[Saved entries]
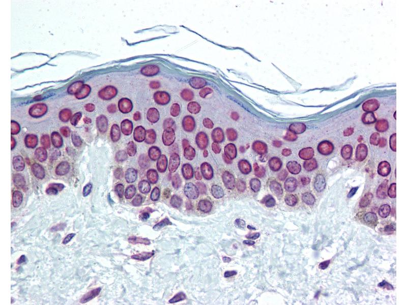 Usage: Immunohistochemistry: This antibody was validated for use in immunohistochemistry on a panel of 21 formalin-fixed, paraffin-embedded (FFPE) human tissues after heat induced antigen retrieval in pH 6.0 citrate buffer. After incubation with the primary antibody, slides were incubated with biotinylated secondary antibody, followed by alkaline phosphatase-streptavidin and chromogen. The stained slides were evaluated by a pathologist to confirm staining specificity. The optimal working concentration for this antibody was determined to be 1:50. -
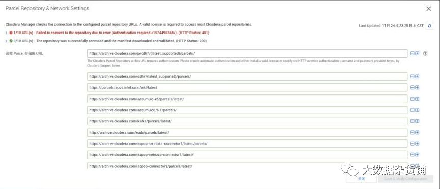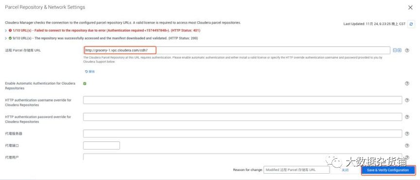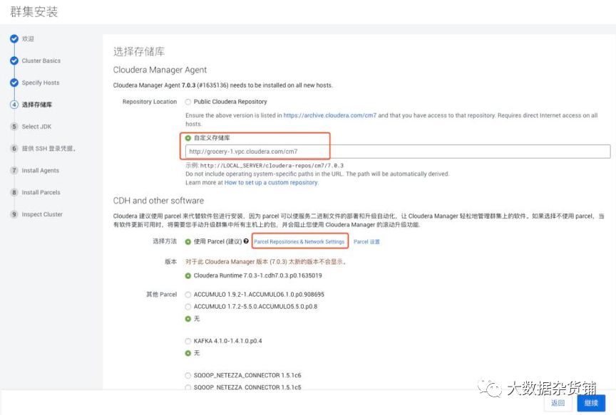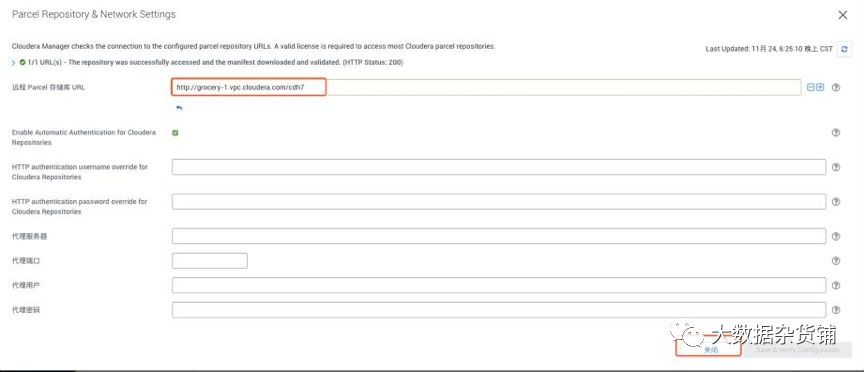 “CDH and other software”中选择“Parcel Repositories & Network Settings”,点击“ 更多选项”,点击“-”删除其它所有地址,输入http://grocery-1.vpc.cloudera.com/cdh7,点击“保存更改”
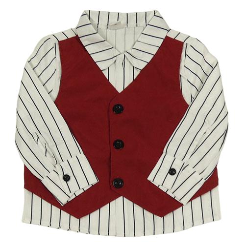 Bílo-černá pruhovaná košile s vínovou vestou Shein
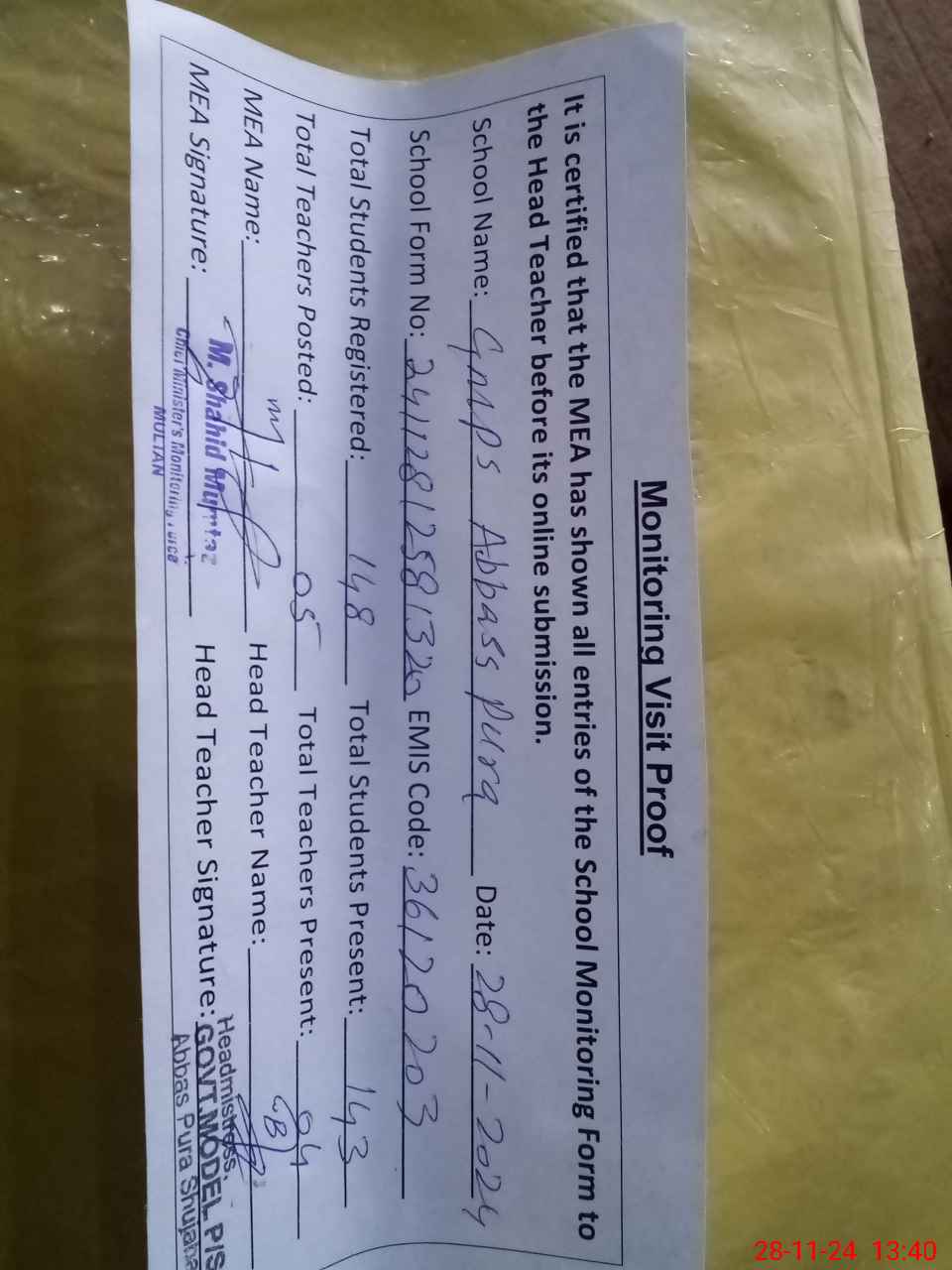 | Attendance Register | Head Teacher | MEA with School | Visit Proof |
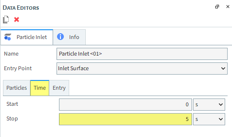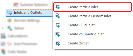 Inlets and Outlets: Define particle and fluid inlets and/or outlets and release locations.
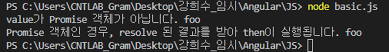 또는 아래와 같이, value가 Promise 객체가 아니면, value 인자를 내보내면서 then 메서드를 실행합니다.

> **Work to be completed**
Please output an exact repetition of the lines from the line containing "Inlets and Outlets: Define" to the end of the records, both included, with no pictures and no additional text.

> **Solution for this problem**
 Inlets and Outlets: Define particle and fluid inlets and/or outlets and release locations.
 또는 아래와 같이, value가 Promise 객체가 아니면, value 인자를 내보내면서 then 메서드를 실행합니다.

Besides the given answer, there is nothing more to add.